Data: Surgical interventions in congenital heart disease; Completeness: High-income countries 27/31 (87%), middle-income countries 11/25 (44%); Year of data: Latest available between 2012 and 2017, median 2016.
Infrastructure: A median of 0.5 (IQR 0.3–1.0) and 0.4 (IQR 0.3–0.7) hospitals per million inhabitants of middle- and high-income ESC member countries, respectively reported performing percutaneous and surgical procedures for treatment of congenital heart disease in the 2018/19 survey. Numbers ranged from <0.2 hospitals per million people undertaking percutaneous procedures in Norway and Finland to >2.0 in Malta, Italy and Iceland and from <0.2 hospitals per million people undertaking surgical procedures in Norway, Greece, Finland and France to >2.0 in Malta and Iceland (Supplementary material online, Figures S7.30 and S7.31).
Service delivery: Across the ESC member countries, a median of 26.0 (IQR 13.4–39.7) percutaneous procedures and 49.4 (IQR 22.4–69.8) surgical procedures for congenital heart disease were reported in the 2018/19 survey. Rates ranged from <10 percutaneous procedures per million people per year in Romania, Albania, Kyrgyzstan, Azerbaijan, Bosnia and Herzegovina and Armenia to >90 in Switzerland, Croatia and Iceland and from <10 surgical procedures per million people per year in Malta and Sweden to >100 in Republic of Moldova, Lithuania, Israel and Kazakhstan (Supplementary material online, Figures S7.32 and S7.33).
Stratification by national income status: In comparing middle-income and high-income countries, the median number of hospitals per million people providing percutaneous [0.6 (IQR 0.3–0.9) vs. 0.5 (IQR 0.4–1.1)] and surgical [0.6 (IQR 0.4–0.8) vs. 0.3 (IQR 0.2–0.6)] procedures for treatment of congenital heart disease were similar (Supplementary material online, Figure S7.34). North Macedonia and Albania, for example, reported as many hospitals offering percutaneous treatment as Austria and Luxembourg, while Kazakhstan reported as many offering surgical treatment as Iceland. Nevertheless, the median number of procedures per million inhabitants was lower in middle-income compared with high-income ESC member particularly for percutaneous interventional management [11.1 (IQR 5.8–28.0) vs. 34.7 (IQR 21.2–56.4)] (Figure 89, Supplementary material online, Figure S7.35).

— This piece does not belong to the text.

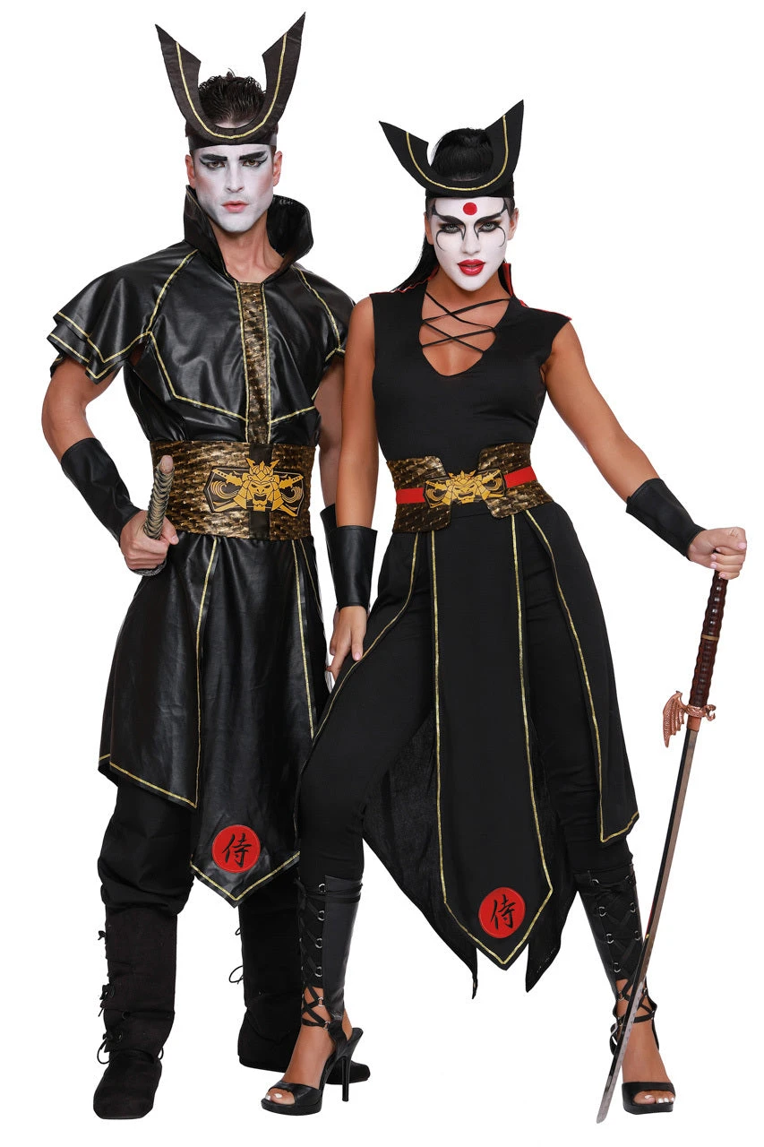 This Sexy Samurai costume features a black bodysuit with a strappy bust, matching black belt with attached panels, wrist gauntlets and matching headpiece.

Percutaneous procedures for congenital heart disease per million people in ESC member countries by national income status (2017 or latest available year). Data source: ESC Atlas of Cardiology, https://www.escardio.org/Research/ESC-Atlas-of-cardiology. Data not available for the following high-income countries: Czech Republic, Ireland, Norway, Republic of San Marino, Sweden; middle-income countries: Algeria, Belarus, Egypt, Lebanon, Libya, Montenegro, Morocco, Russian Federation, Syrian Arab Republic, Tunisia, and Ukraine (Supplementary file: S7.xlsx).
7.7 Summary
Huge variation in cardiological person-power across ESC member countries likely reflects under-provision in many countries although definitions of what constitutes a cardiologist may also vary.
Compared with high-income countries, middle-income countries are severely under-resourced in terms of cardiological person-power and technological infrastructure.
The under-resourced status of middle-income countries is associated with a severe procedural deficit compared with high-income countries in terms of coronary intervention, device implantation and cardiac surgical procedures.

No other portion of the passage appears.